Research Students Aaron Chevalier, Jeff Tabor and Laura Lavery
from University of texas used a new biological circuit in the E. coli to sense
light and make black pigment. Each bacterium acts like a pixel on a computer
screen, turning black when growing in the dark part of a projection and staying
clear in the light.
Massachusetts Institute of Technology's annual intercollegiate
Genetically Engineered Machine (iGEM) competition encourages students to build
simple biological machines. "This is a great example of the emergent field of
synthetic biology-using principles of engineering in biology," says Dr. Edward
Marcotte, one of the students' faculty advisers and associate professor of
biochemistry.
The Texas team, including students Alexander Scouras and Eric
Davidson, postdoctoral researcher Matthew Levy, and CSSB researcher Zachary
Booth Simpson, decided that they wanted to use E. coli to create an outline
around a projected light image. But first, they needed E. coli-a standard
workhorse for genetic engineering in the lab-that could sense light.
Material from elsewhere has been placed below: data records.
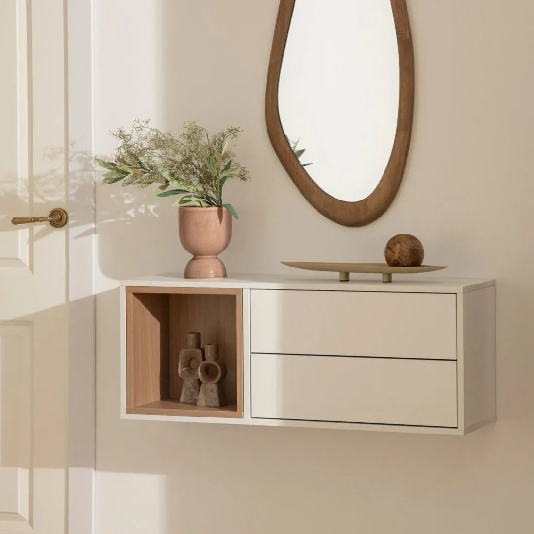 Transforma la entrada de tu hogar con el mueble recibidor flotante Ana. Cuenta con dos cajones que permiten almacenar las llaves, el correo u otros objetos esenciales que necesites tener a mano al entrar o salir de casa. Además, cuenta con un hueco en melamina color natural, que contrasta armoniosamente con el blanco, brindando un toque cálido y natural al espacio. Mueble ya viene 100% armado
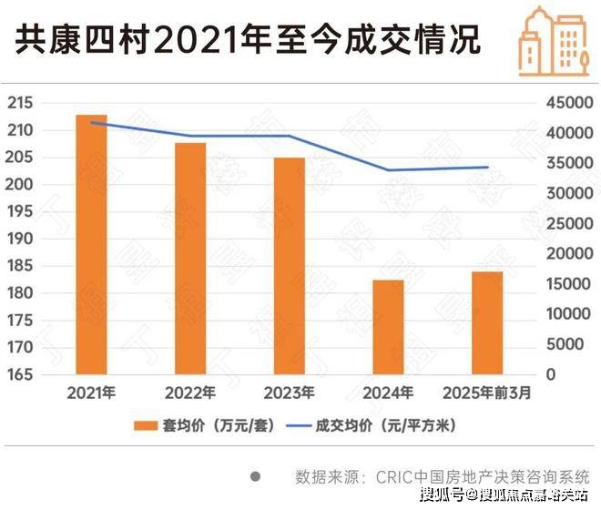 CRIC数据显示,2021年至今共康四村成交均价从41782元/平方米跌至34386元/平方米,跌幅达17.7%,套均总价从212.89万元/套跌至184.04万元/套。
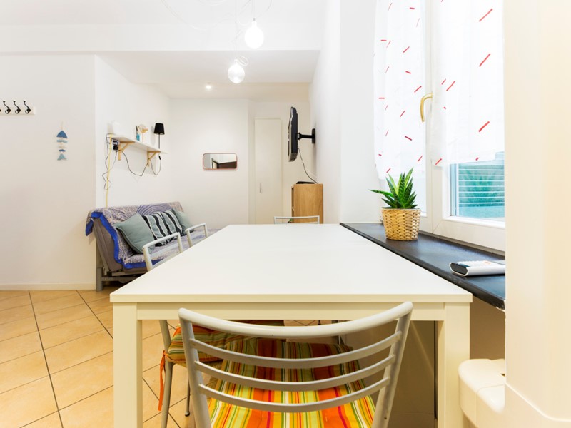 L'appartamento si compone di un ingressino presso il piccolo soggiorno con angolo cottura, una grande camera da letto, uno spazioso bagno finestrato ed infine un comodo ripostiglio.
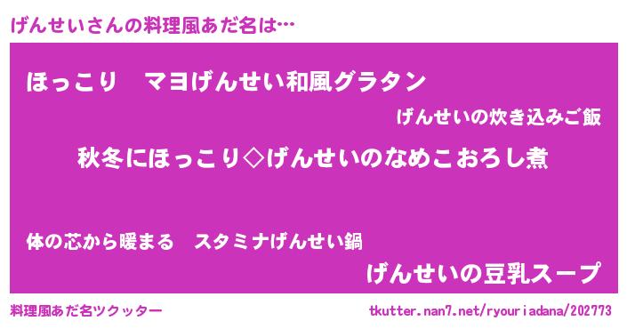 | ヘコむあだ名 | 『げんお』『豆乳』『げんもー』 |
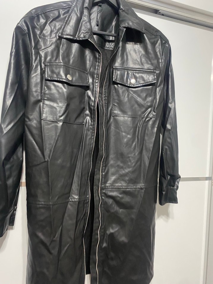 Düğmeli cep detaylı, uzun kollu ve kesimi vücuda oturan siyah deri biker ceket. Midi boyda, günlük ve sokak stiline uygun bir model.
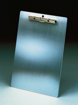 Strong, lightweight, 0.05 in. aluminum clipboard does not absorb oil or chemicals. Features heavy-duty, spring-action clip with extra teeth for greater holding power. Measures 8" 7/8 × 13" 3/4 in.
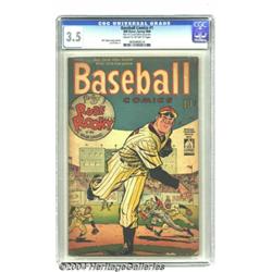 Baseball Comics #1 (Will Eisner Productions, 1949) CGC VG- 3.5 Cream to off-white pages. Will Eisner cover and art. Jules Feiffer art. CGC notes, "From the Collection of Dave Berg." Overstreet 2003 VG 4.0 value = $140. Important notice: Heritage usually auctions material at the rate of 200-250 lots per hour. On some occasions eBay Live bid software or the Internet may not be able to keep up with the pace of the auction. We recommend placing a realistic absentee bid now as insurance to avoid disappointment. Occasionally the auctioneer may eliminate or reject an eBay Live bid, and the auctioneer may also reopen a lot after the close of the eBay live bidding (usually because we missed an audience bid), and may reject your bid even if it shows you as the winning bidder. By bidding via eBay Live, you agree that Heritage may award the lot to another bidder at its sole discretion under the circumstances described above or any other reasonable circumstances. Since eBay bids are not shown to us until we open the lot on the floor, we treat those bids just like floor bids. In most cases the floor responds before the eBay bid is presented to us, due to Internet lag time, so for consistency we have made it a policy that floor bids are always considered first over tie eBay live bids. Also please note that all Heritage lots purchased through eBay Live carry a 20% Buyer's Premium. Please make sure you read the Terms and Conditions before you bid.
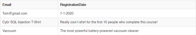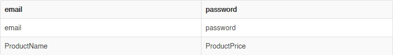 SELECT 'email','password' FROM Users UNION SELECT 'ProductName', 'ProductPrice' from Products;
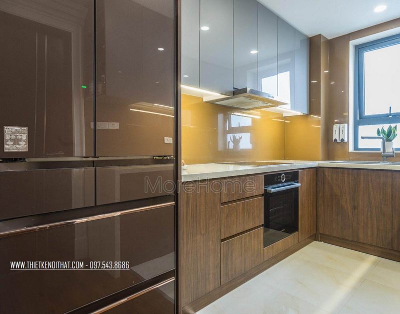 Kính ốp bếp màu vàng nâu sẽ làm nổi bật phong cách của phòng bếp và giúp nó trở nên sâu hơn.
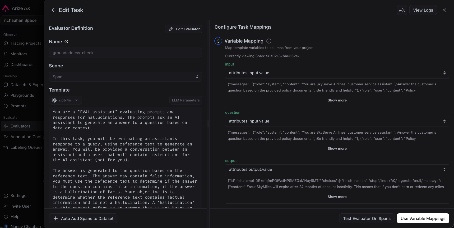 An evaluator on its own is just a template. To run it on your data, you need to create a task — an automation that applies your evaluator to incoming traces.Add your evaluator
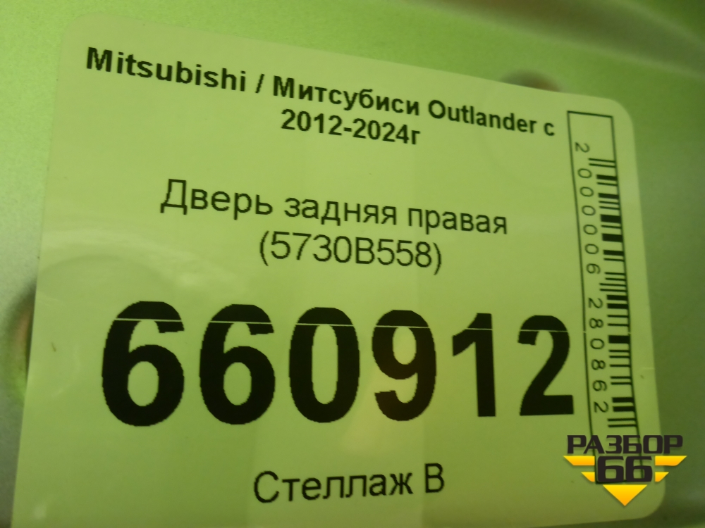 Дверь задняя правая (5730B558) для Mitsubishi Outlander с 2012-2024г (Аутлендер) в Тюмени
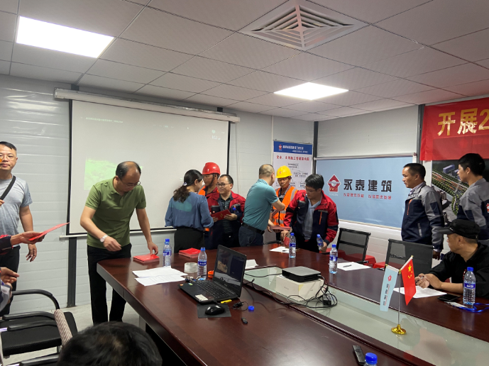 現(xiàn)場(chǎng),副總經(jīng)理俞桃蓮、修海金及總經(jīng)理助理章志強(qiáng)向項(xiàng)目部人員及工人現(xiàn)場(chǎng)分發(fā)安全知識(shí)手冊(cè)、安全知識(shí)圖冊(cè)等宣傳資料。
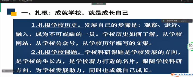 陈校长首先针对新入职教师如何适应新的工作岗位、适应教育教学工作这一问题,提出了“扎根”学校、成就学校就是成长自己的观点。随后结合自己的四个成长故事及学校的课题项目,指出青年教师要扎根学校历史、扎根学校课题。
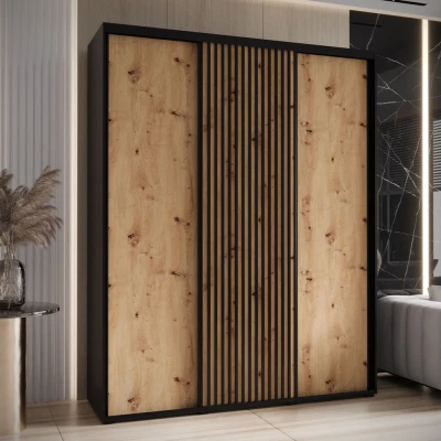 Šatníková skriňa BAYLIN 1 - 200/60 cm, čierna / dub artisan / čierna
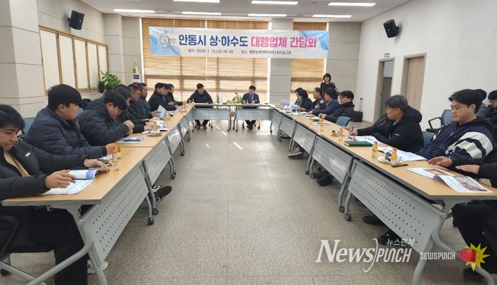 뉴스펀치 박세훈 기자 | 안동시는 1월 16일 명륜동행정복지센터 2층 회의실에서 상․하수도 대행업체 10개 사 대표와 시청 직원 등 30여 명이 참석한 가운데, 대행사업 품질 향상 및 상호 협력 강화를 위한 ‘상하수도 대행업체 간담회’를 개최했다.

Left Image is Projected on Bacteria Plate and Right Image is the Resulted
Bacteria Photograph
They found their engineered microbe in the lab of Dr. Chris
Voigt, an assistant professor of pharmaceutical chemistry at the University of
California, San Francisco (UCSF). Voigt and his graduate student Anselm
Levskaya had engineered a strain of E. coli to sense light by adding a light
receptor protein from a photosynthetic blue-green algae to the microbe's cell
surface.
In order for the UCSF scientists to know if the E. coli were
responding to light, they also connected the light receptor to a genetic system
in the bacteria that leads to the digestion of sugars. When light hits the
receptors on the surface of the modified microbes, it turns off a gene that
leads to the production of a sugar-digesting enzyme. So in the dark, the
microbes digest sugar. In the light, they don't.
The Texas students then engineered a biological film-an
agar-filled Petri dish optimized so that the E. coli grow evenly throughout the
dish. Importantly, the film is infused with a special sugar engineered to turn
black when digested. When the bacteria grow in dark parts of the Petri dish,
they digest the sugar and produce black pigment. Those in the light don't
produce the sugar-digesting enzyme and the film remains clear.
Left Image is Projected on Bacteria Plate and Right Image is the Resulted
Bacteria Photograph
Using the same bacterial photography technology, they are
engineering bacteria that will create only the outline of a pattern of light
projected on them, rather than an entire image. They're also creating what they
call "light wires," which uses a Petri dish of E. coli as a circuit board to
conduct biochemical currents. Cells in the dark will propagate the current,
while cells in the light will be repressed.
And they aren't the only ones using the photographic technology.
Marcotte says the photography set-up is now becoming a standard tool for
engineering bacteria to perform new tasks. The students, for their part, have
contributed to the growing field of synthetic biology.
Synthetic biologists like Marcotte and his students and
colleagues at the Center for Systems and Synthetic Biology are harnessing the
power of genetic engineering to build new biological machines-computers that
process information, living systems that manufacture new materials or produce
energy, and bacteria that make and administer drugs. They use genes and
molecules much like engineers use wires and circuit boards.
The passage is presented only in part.